= John J. Geary =

John J. Geary (c. 18351870) was a Fenian active in Cork, Ireland in the mid-19th century. Geary was from near Newcastle West, County Limerick. He was an associate of other Cork Fenians Brian Dillon, James Mountaine and John Lynch. A grocer for a time, Geary operated a pub at 27 North Main Street, Cork which was a regular meeting place of local Fenians. He was accused of being the "Head Centre" of the Fenian Brotherhood in Cork. Geary avoided arrest and fled to New York where he lived in exile.

==Biography==

While probably working as a grocer in 1861, he wrote a letter to the Cork Examiner regarding the procurement of tea by the Cork Lunatic Asylum, which was published. He complained that his tender had been rejected even though it was cheaper than the accepted tender.

After changing profession to being a publican, local Fenian meetings and lectures were often held at Geary's pub. The meetings were also attended by informants such as John Warner. Geary employed James O'Brian at his pub as a porter, who was later accused of being a Fenian and arrested. He was later released because of lack of evidence. From 1964, the movements of Fenian leaders were closely watched by police.
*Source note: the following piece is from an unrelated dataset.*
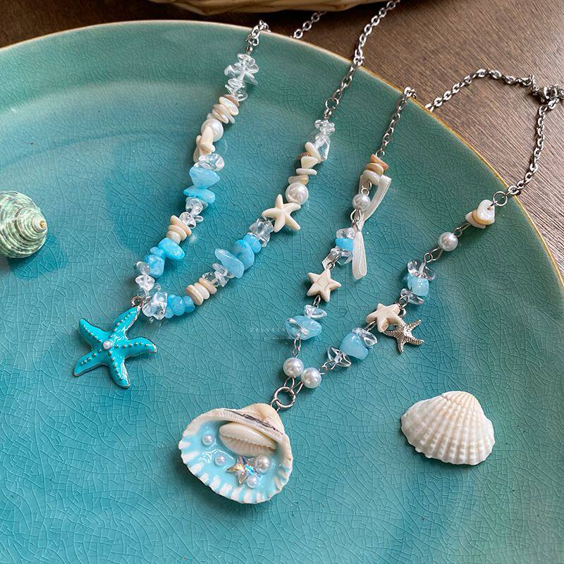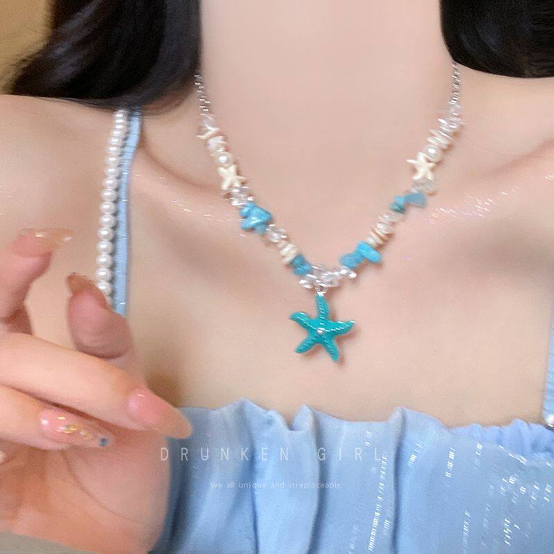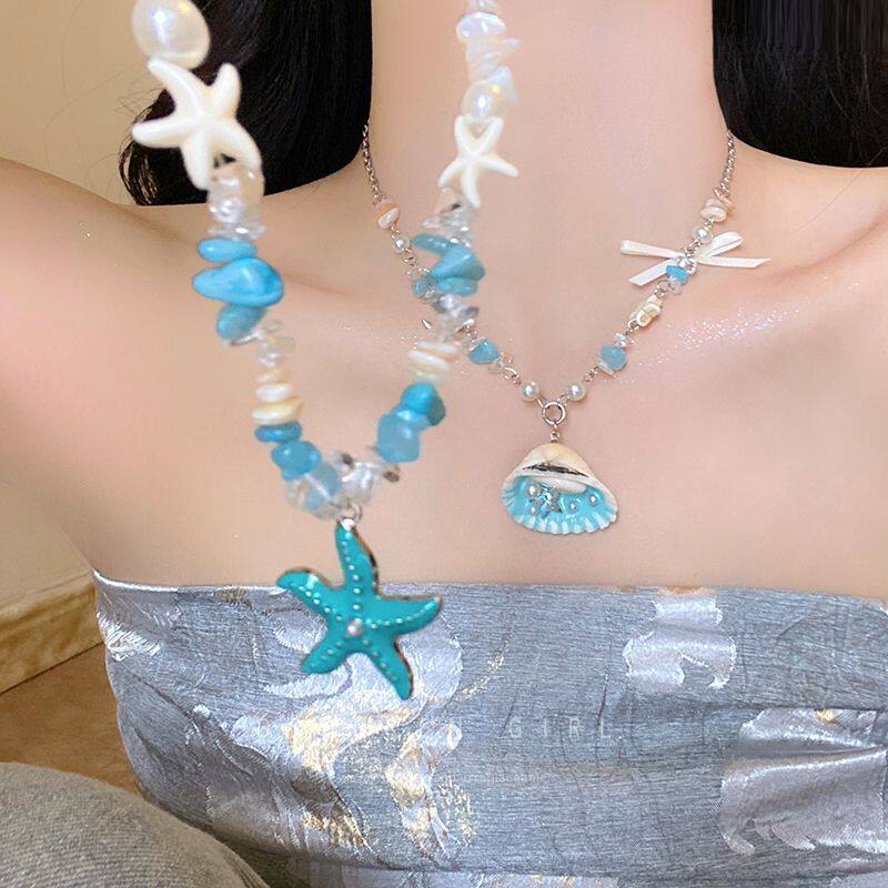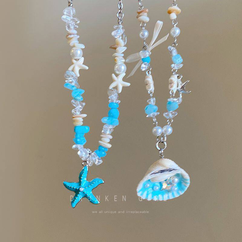 蓝色海星贝壳串珠项链女夏天海边度假风配饰小清新甜美百搭锁骨链
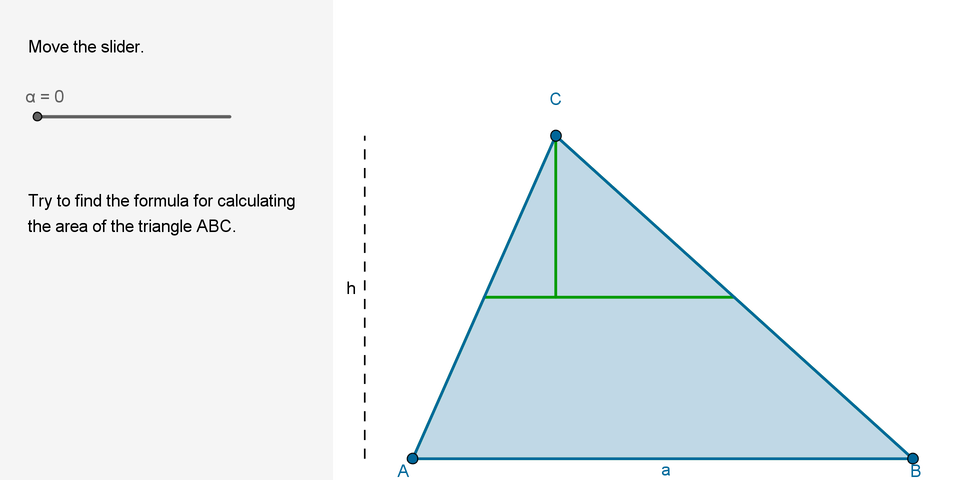 Geogebra aplet - Określanie pola trójkąta. Galeria z opisami alternatywnymi poniżej.

1865 saw a purge of the Fenian leadership around Ireland. John Sarsfield Casey, John Thompson and Patrick Shaughnessy were arrested in Geary's pub in September 1865. The police failed to capture Geary at his pub, although it was suspected that he was there when the police arrived. A reward of 100 pounds, later increased to 200 pounds, was offered for his capture. He was described as "height, 5 feet 8 or 9 inches; medium make, (rather slight); tender eyes; fair hair, cut short; small fair whiskers; walks erect" Incriminating documents were found at Geary's pub. A person matching his description stayed at a hotel in Waterford but police were unable to locate Geary. Geary managed to evade police and escaped to New York.

Unsurprisingly, Geary did not apply to renew his alcohol license in October 1865. A satirical article in the Cork Examiner claimed that Geary was a traitor to the Irish Republican Brotherhood.

In New York, he quickly became the corresponding secretary of the Fenian Brotherhood under William R. Roberts. This put him at odds with the faction led by John O'Mahony. In 1967, he spoke in support of the Fenian Rising in Kerry.

He was killed in April 1870 when he fell into a boiling vat at the distillery where he worked.